- The problem: As the answer, return precisely the lines from the one containing "STAINLESS STEEL BRACELET" to the final line of the material below, inclusive, and omit every picture.

- Data extracts:
[Start of section]

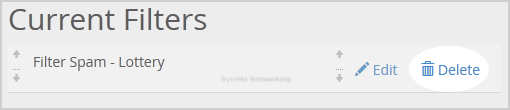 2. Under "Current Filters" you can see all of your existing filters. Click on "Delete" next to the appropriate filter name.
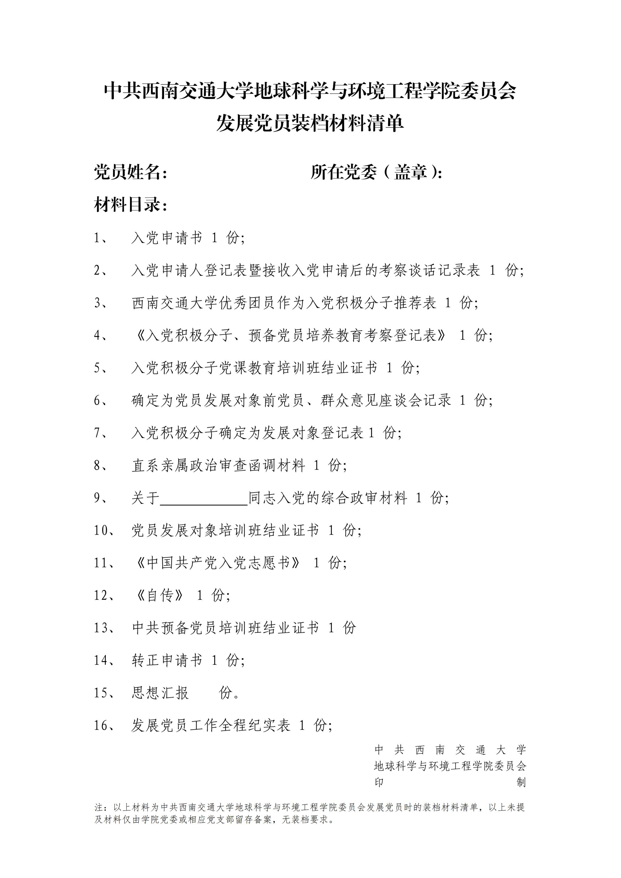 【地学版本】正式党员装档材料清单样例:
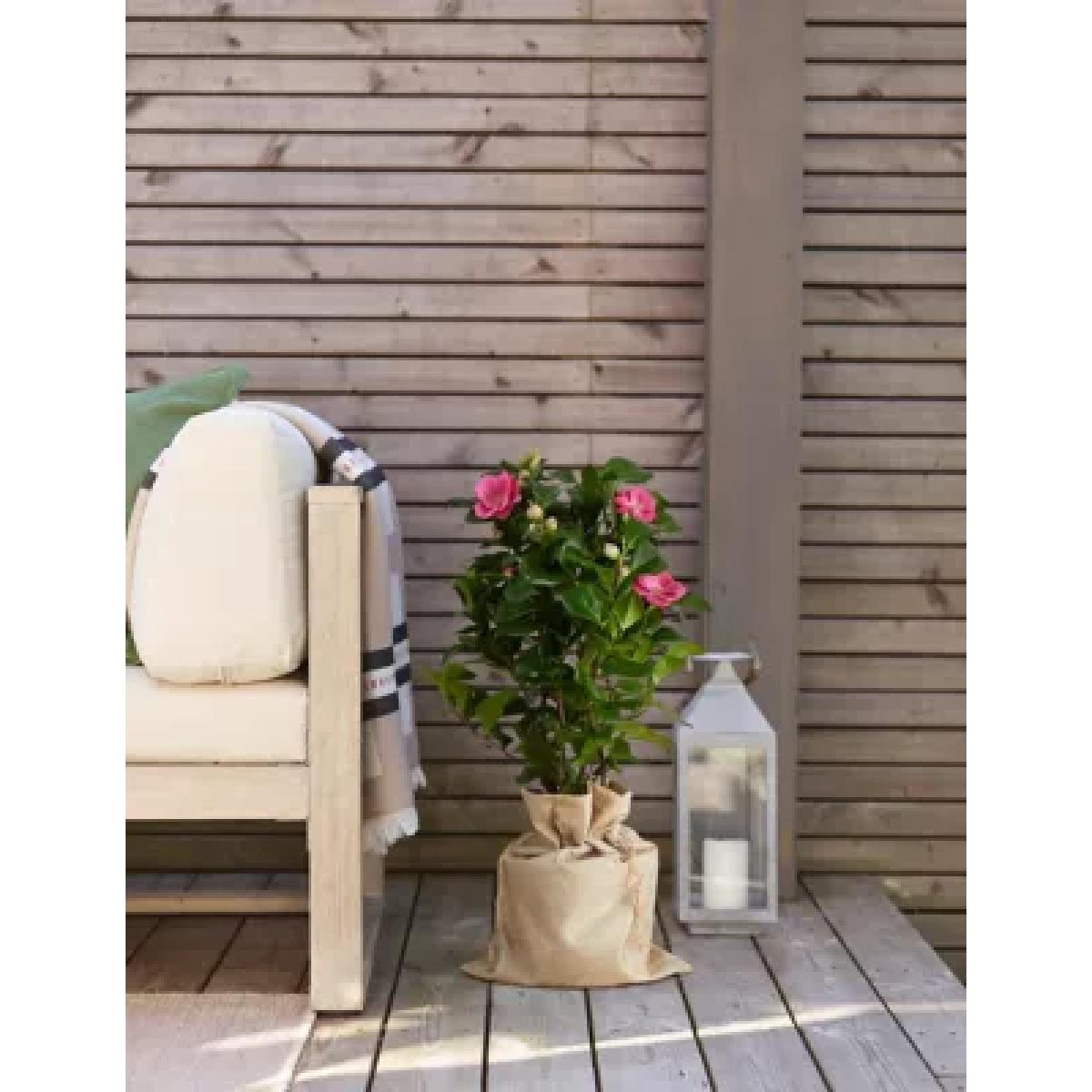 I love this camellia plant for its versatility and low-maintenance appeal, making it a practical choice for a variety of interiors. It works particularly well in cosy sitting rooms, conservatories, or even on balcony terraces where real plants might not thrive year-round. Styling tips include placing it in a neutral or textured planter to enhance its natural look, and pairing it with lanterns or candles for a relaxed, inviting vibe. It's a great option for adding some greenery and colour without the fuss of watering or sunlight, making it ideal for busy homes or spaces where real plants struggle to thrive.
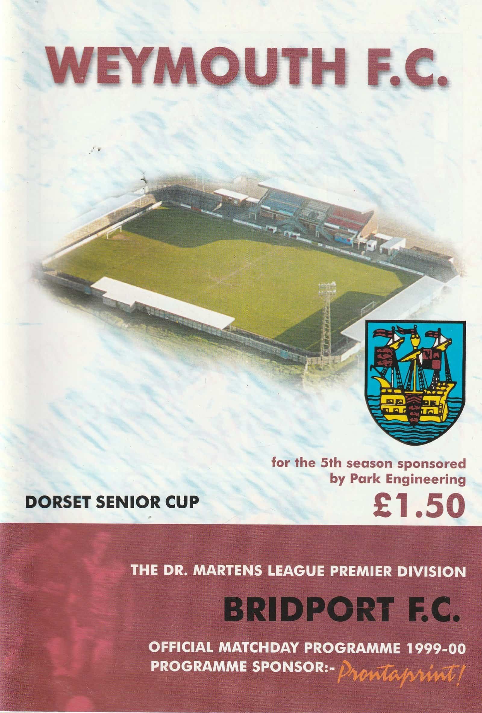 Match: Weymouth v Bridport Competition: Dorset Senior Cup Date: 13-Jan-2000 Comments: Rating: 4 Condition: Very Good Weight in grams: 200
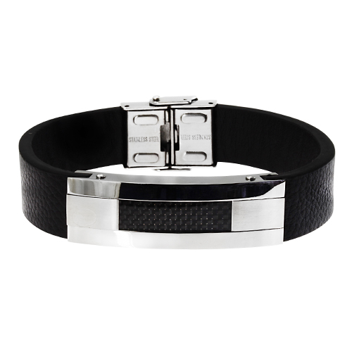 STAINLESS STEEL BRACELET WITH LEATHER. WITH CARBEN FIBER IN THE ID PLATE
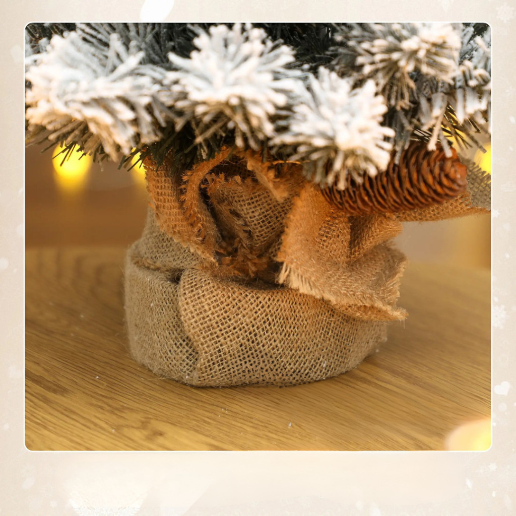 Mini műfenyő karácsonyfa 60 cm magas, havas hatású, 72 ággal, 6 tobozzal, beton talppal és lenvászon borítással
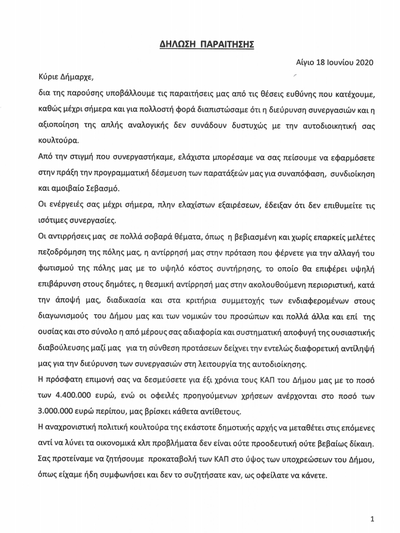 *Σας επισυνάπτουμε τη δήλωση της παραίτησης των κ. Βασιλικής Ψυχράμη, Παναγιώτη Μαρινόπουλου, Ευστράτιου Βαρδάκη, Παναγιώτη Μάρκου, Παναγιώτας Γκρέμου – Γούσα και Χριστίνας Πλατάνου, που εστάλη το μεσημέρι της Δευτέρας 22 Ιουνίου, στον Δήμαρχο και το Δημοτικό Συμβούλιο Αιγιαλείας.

[End of section]

- Answer to the exercise:
 STAINLESS STEEL BRACELET WITH LEATHER. WITH CARBEN FIBER IN THE ID PLATE
 Mini műfenyő karácsonyfa 60 cm magas, havas hatású, 72 ággal, 6 tobozzal, beton talppal és lenvászon borítással
 *Σας επισυνάπτουμε τη δήλωση της παραίτησης των κ. Βασιλικής Ψυχράμη, Παναγιώτη Μαρινόπουλου, Ευστράτιου Βαρδάκη, Παναγιώτη Μάρκου, Παναγιώτας Γκρέμου – Γούσα και Χριστίνας Πλατάνου, που εστάλη το μεσημέρι της Δευτέρας 22 Ιουνίου, στον Δήμαρχο και το Δημοτικό Συμβούλιο Αιγιαλείας.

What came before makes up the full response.